Top Abstract Introduction Materials and Methods Results Discussion References

 
Reagents and materials

Thrombin, type I collagenase, and antibiotics (mixture of penicillin, streptomycin, and amphotericin B) were purchased from Sigma (St. Louis, MO). DMEM/Ham’s F12 (DMEM/F12) medium was from Life Technologies (Rockville, MD). SFLLRN (Ser-Phe-Leu-Leu-Arg-Asp), a PAR1 agonist peptide, was from Bachem (Bubendorf, Switzerland). D-Phenylalanyl-L-prolyl-L arginine chloromethyl ketone (PPACK), a thrombin inhibitor, was from Calbiochem (La Jolla, CA). Nonimmune murine IgG2a and antibodies of proliferating cell nuclear antigen (PCNA), CD45, vimentin, and cytokeratin were from Dako (Kyoto, Japan). Charcoal/dextran-treated fetal bovine serum was from Hyclone (Logan, UT). Deoxyribonuclease I was from Takara (Tokyo, Japan).

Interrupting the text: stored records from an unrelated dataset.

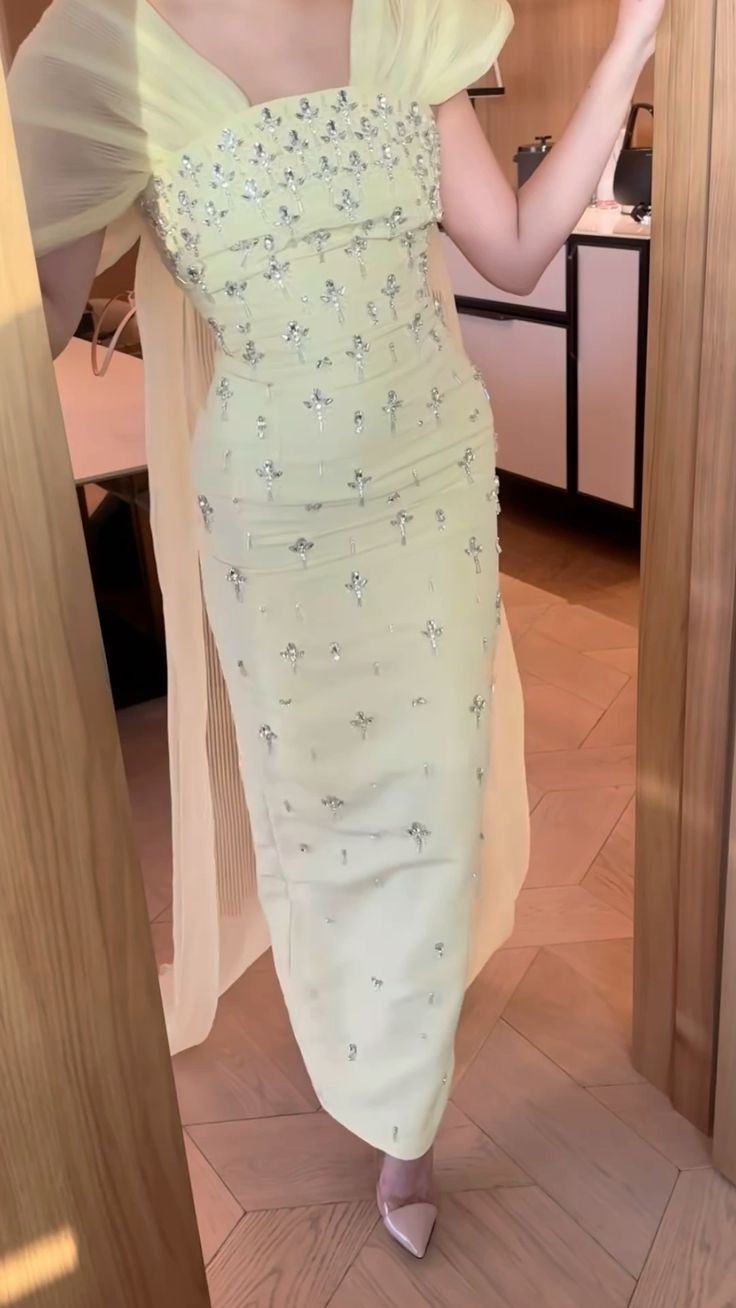 Classy Yellow Satin Chiffon Beaded Long Birthday Prom Gown Evening Dress SP1199
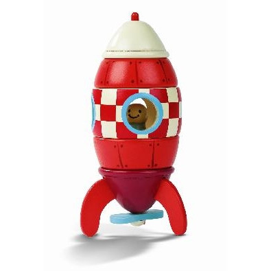 This cherry wood rocket features five stackable layers that little ones will enjoy putting together to assemble their own rocket ship, guided and aided by the magnetic locators that have been placed around the individual, easy to handle pieces. Don't forget your happy astronaut friend or the spinning propeller at the bottom of the rocket as it won't reach outer space without them!
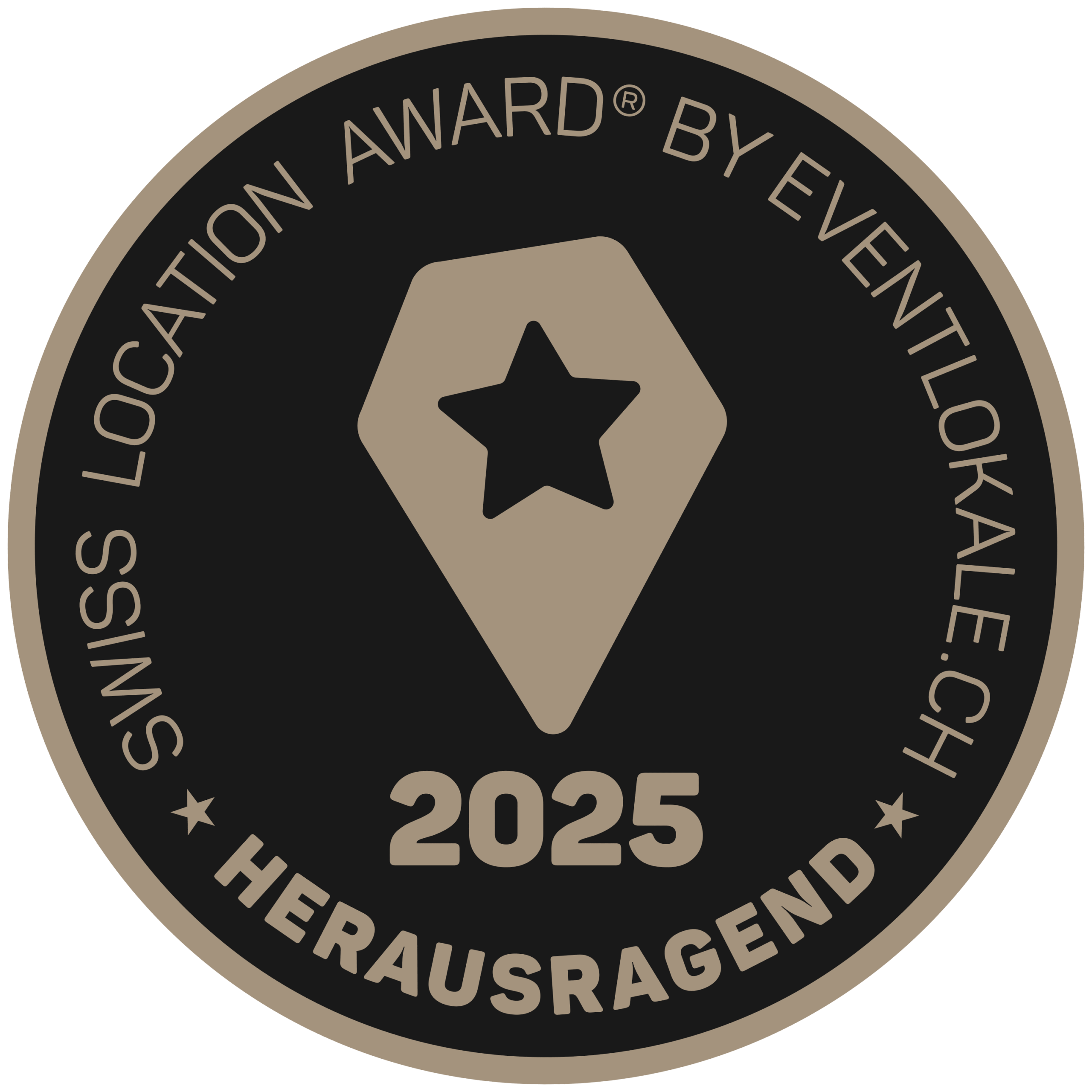 Unsere Erfolgsgeschichte schreibt beim Swiss Location Award 2025 ein neues Kapitel. Mit der Punktzahl 9.1 und dem Gütesiegel "Herausragend" gehören wir zu den besten Genusslocation der Schweiz!
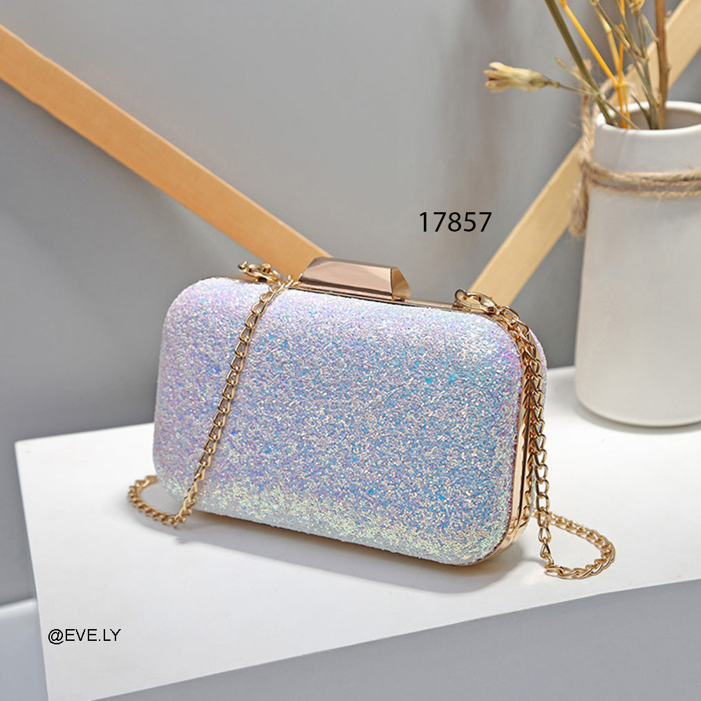 الوصف: حقيبة سهرة صغيرة (Clutch) بتصميم صندوقي أنيق، مغطاة بالكامل بطبقة من "الجليتر" الملون الذي يعكس الضوء ليمنحكِ حضوراً لافتاً في المناسبات. تتميز بإطار معدني ذهبي وقفل علوي سهل الاستخدام، مما يجعلها قطعة إكسسوار مثالية تكمل إطلالتكِ المسائية بكل بساطة.
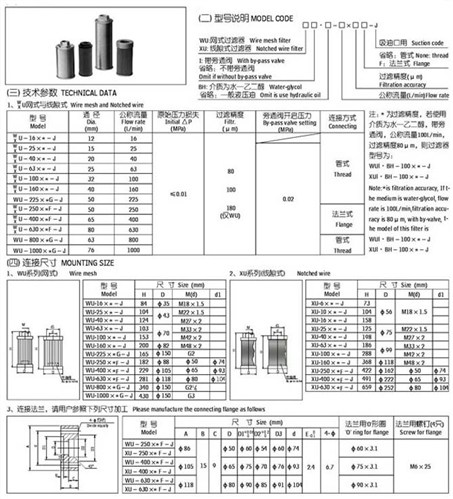 吸油過濾器WU-250*80-J屬于粗過濾器,一般安裝在油泵的吸油口處,用以保護油泵避免吸入較大的機械雜質。該過濾器結構簡單,通油能力大阻力小,并設有管式、法蘭式連接,分網式和線隙式兩種。
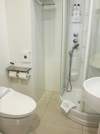 櫃檯小姐竟然會唸我中文姓名的日文發音,讓我有點驚訝,事後回想應該是當初訂房時留下的。房間一如其他平價商務飯店,小到極致,照片中衛浴空間看起來比實際使用感覺大,特地選擇淋浴間房型,因為不喜歡又深又小的浴缸,每次洗澡踏進踏出都覺得自己在參加跨欄比賽。大概由於日本人習慣泡澡,飯店幾乎都設浴缸,有淋浴間房型的飯店極少,多付幾倍價錢是可以住到兩者皆有的星級飯店啦。淋浴間小到轉身都難,洗一次澡不知道要撞幾次。
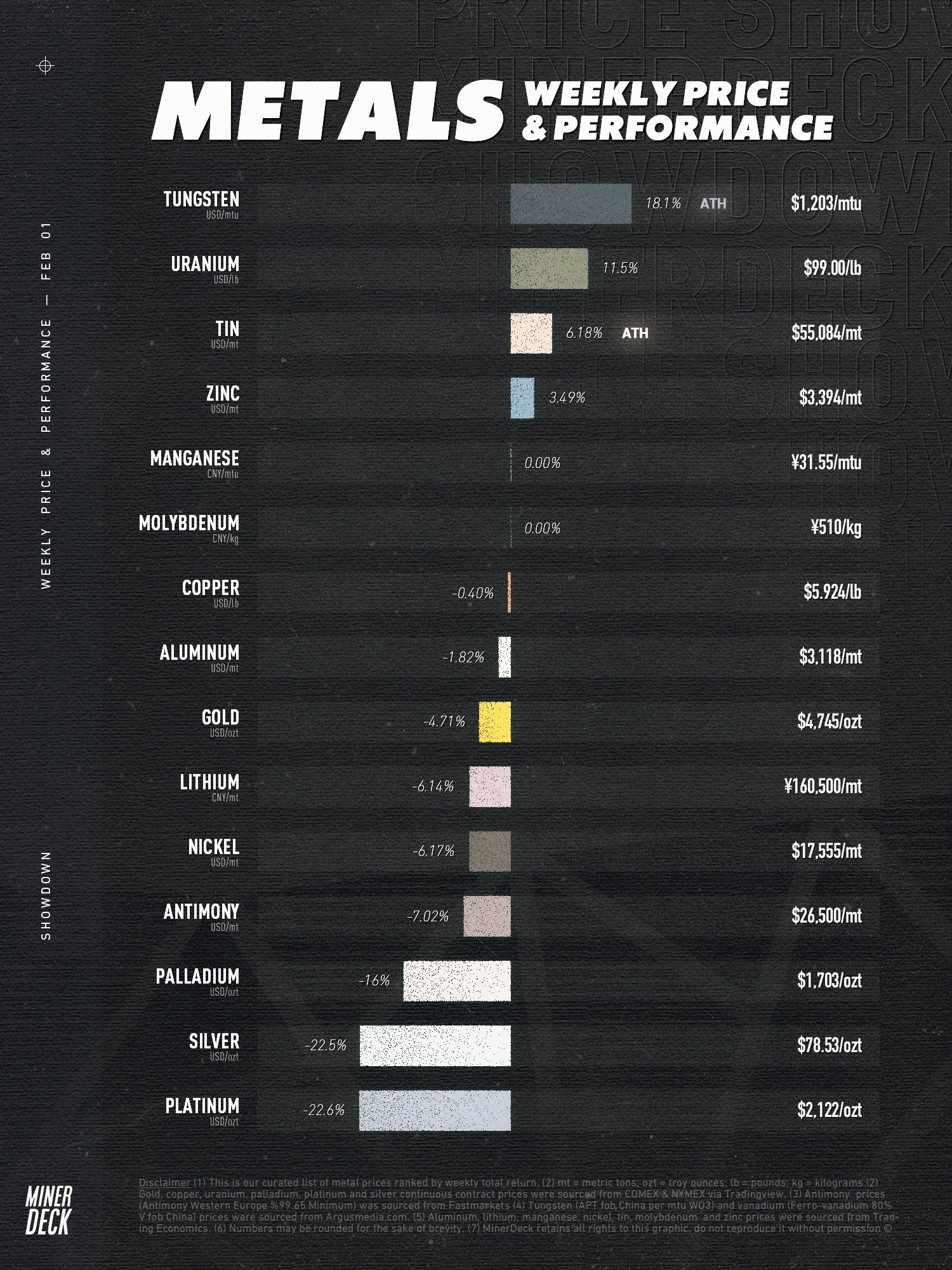 Nach anfänglich weiteren Rekordpreisen kam am Freitag die eiskalte Dusche! Nachdem Kupfer am Donnerstag intraday erstmals über 14.500,- USD/t notierte, ruderte das Industriemetall am Freitag auf etwa 13.465,- USD/t zurück, trotz weiterhin akuter Angebotsknappheit und strukturell hoher Nachfrage. Gold markierte ein Allzeithoch bei knapp um die 5.600,- USD/oz, fiel anschließend um etwa 10 %. Silber erreichte ein Hoch von fast 125,- USD/oz, und korrigierte am Freitag historisch, um deutlich über 30 % im Tief!
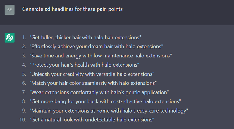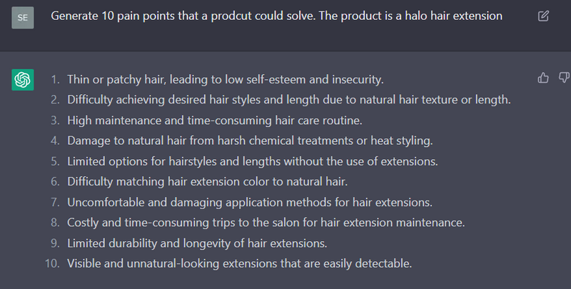 Ask your new robot friend to come up with pain points for selling your product. Unless you are selling something extremely obscure, it will give you a list of problems that your product could solve.
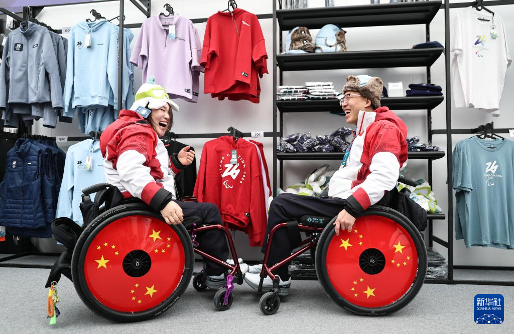 3月3日,中国残奥冰壶队选手陈建新(右)与队友李娜娜在残奥村内的纪念品商店选购。
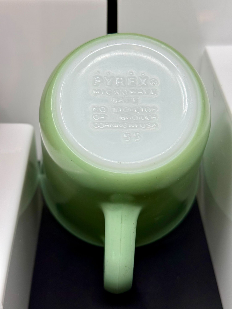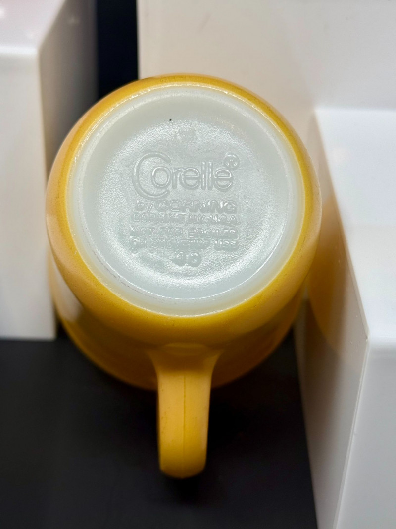 During the mid-20th century, Pyrex and CorningWare expanded beyond ovenware into everyday drinkware, introducing durable ceramic mugs in bold colors that aligned with modern kitchen design. Stackable forms and high-gloss glazes reflected the postwar focus on efficiency, color, and casual dining.
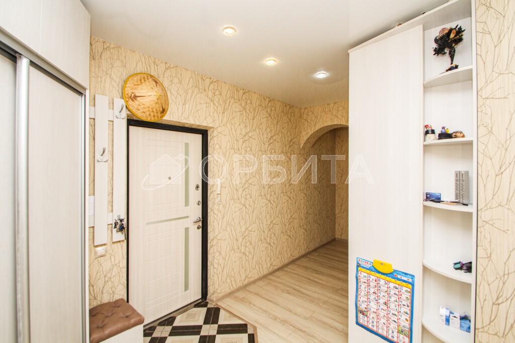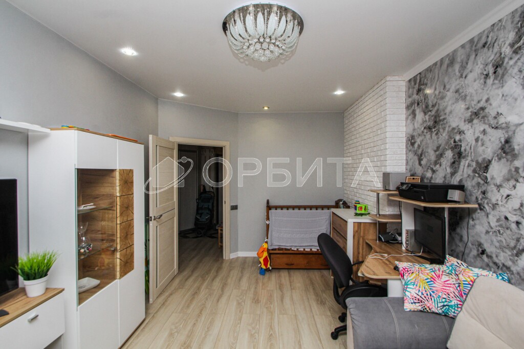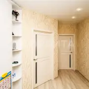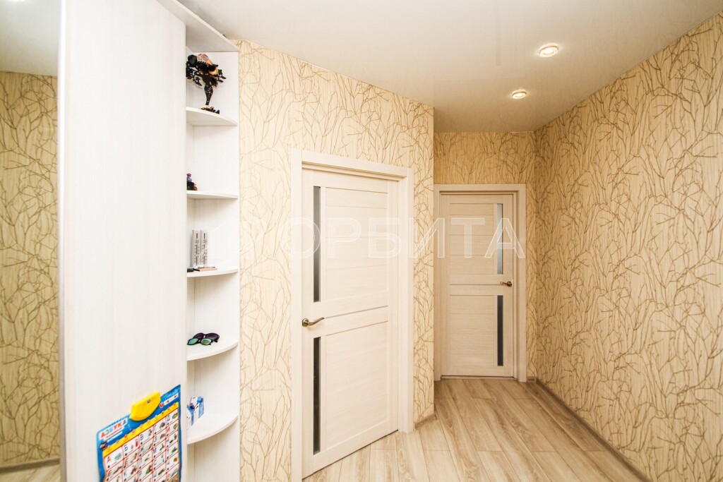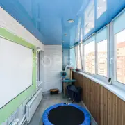 Утеплена и изнутри, и снаружи (делали для себя, а не на продажу!), кондиционер стоит, освещение продумано, подсветка по потолку — уют 10/10. Выходы — в зал и в детскую.
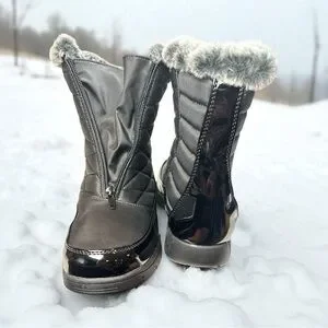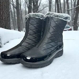 Stay warm and stylish this winter with these Weatherproof Since 1948 Esther boots in classic black. Brand new in box and never worn, these women’s winter boots feature quilted uppers, a cozy faux fur lining, and a front zip closure for easy on and off. The boots are finished with sleek patent-look trim and a durable weatherproof sole designed for traction in snow and icy conditions.
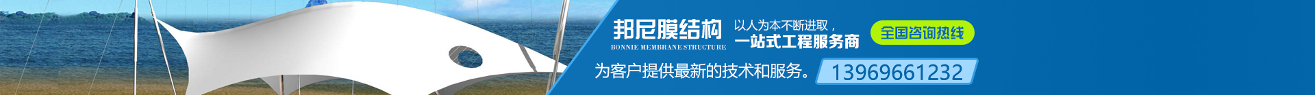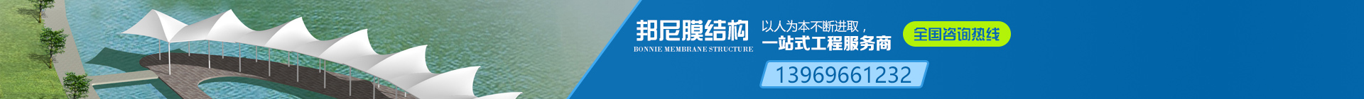 邦尼膜结构采用高强度柔性薄膜材料与支撑体系相结合形成具有一定刚度的稳定曲面,能承受一定外荷载的空间结构形式。其造型自由轻巧、阻燃、制作简易、安装快捷、节能、安全等优点,这种结构形式特别适用于大型体育场馆、入口廊道、小品、公众休闲娱乐广场、展览会场、购物中心等领域。
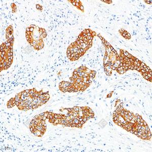 IHC检测Cytokeratin 1蛋白(货号 GB151018). 样品: 人宫颈癌, 4%多聚甲醛 (货号G1101) 固定12-24小时. 抗原修复: 柠檬酸抗原修复液(干粉, pH 6.0) (G1201), 高压锅均匀喷气计时2分钟. —抗: 1: 1000稀释, 4℃ 孵育过夜. 二抗: S-vision免疫组化多聚二抗(山羊抗兔),即用型 (货号G1302), 室温孵育20分钟. |
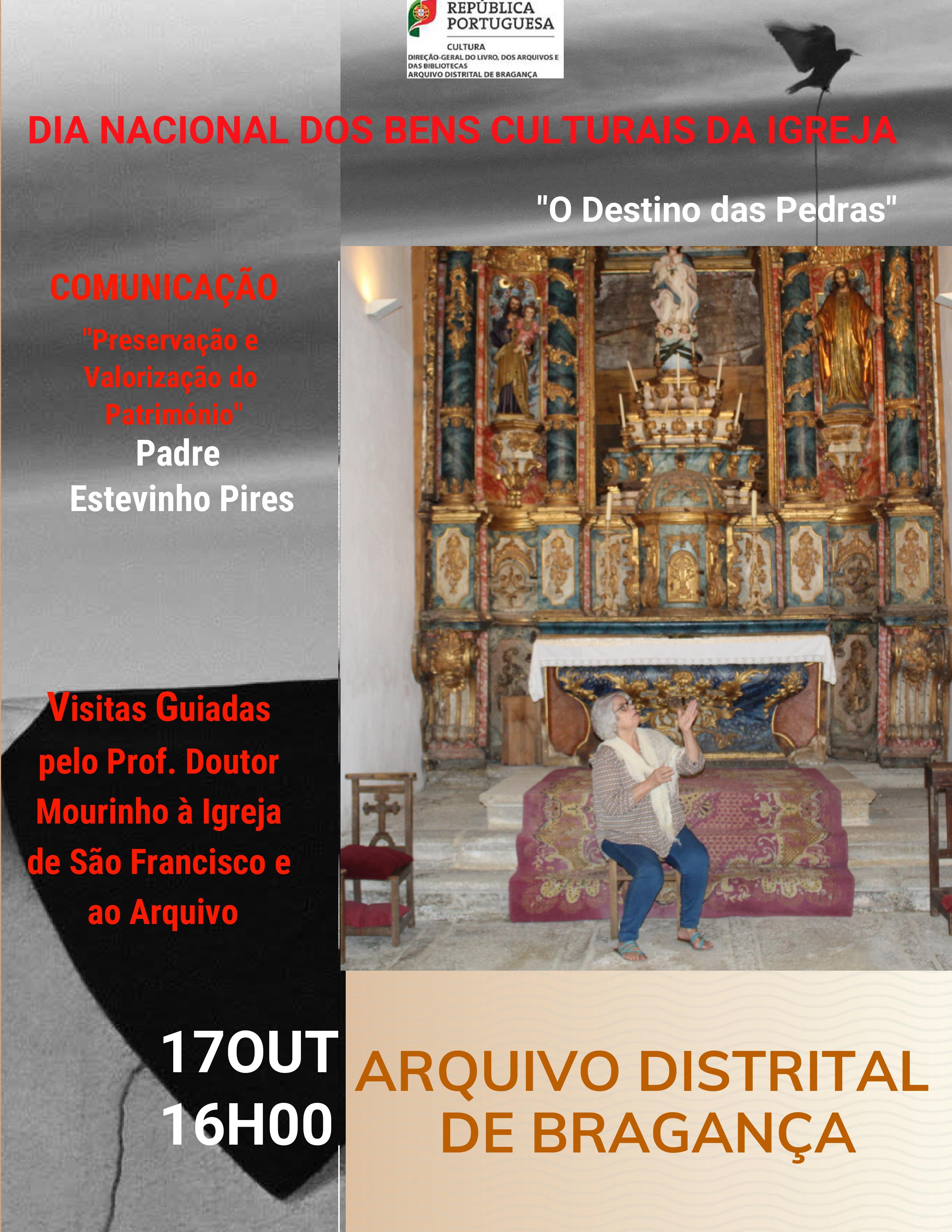 O Arquivo Distrital de Bragança vai participar na 9ª edição do Dia Nacional dos Bens Culturais da Igreja, no dia 17 de outubro, às 16H00. Esta iniciativa tem como designação “O destino das Pedras”. Inclui uma comunicação subordinada ao tema “Preservação e Valorização do Património” e uma visita guiada à igreja de São Francisco.
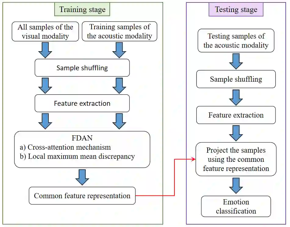 In this paper, we propose a novel deep inductive transfer learning framework, named feature distribution adaptation network, to tackle the challenging multi-modal speech emotion recognition problem. Our method aims to use deep transfer learning strategies to align visual and audio feature distributions to obtain consistent representation of emotion, thereby improving the performance of speech emotion recognition. In our model, the pre-trained ResNet-34 is utilized for feature extraction for facial expression images and acoustic Mel spectrograms, respectively. Then, the cross-attention mechanism is introduced to model the intrinsic similarity relationships of multi-modal features. Finally, the multi-modal feature distribution adaptation is performed efficiently with feed-forward network, which is extended using the local maximum mean discrepancy loss. Experiments are carried out on two benchmark datasets, and the results demonstrate that our model can achieve excellent performance compared with existing ones.

Collection of endometriotic tissues

Tissue specimens were obtained from patients with endometriosis (n = 28) undergoing laparoscopy or laparotomy after obtaining written informed consent under a study protocol approved by the Institutional Review Board of the University of Tokyo. These patients had not received hormones or GnRH agonist for at least 3 months before surgery. Endometriotic tissue samples were obtained from the cyst wall of ovarian endometrioma under sterile conditions and transported to the laboratory on ice in DMEM/F12.

Isolation, purification, and culture of endometriotic stromal cells (ESCs)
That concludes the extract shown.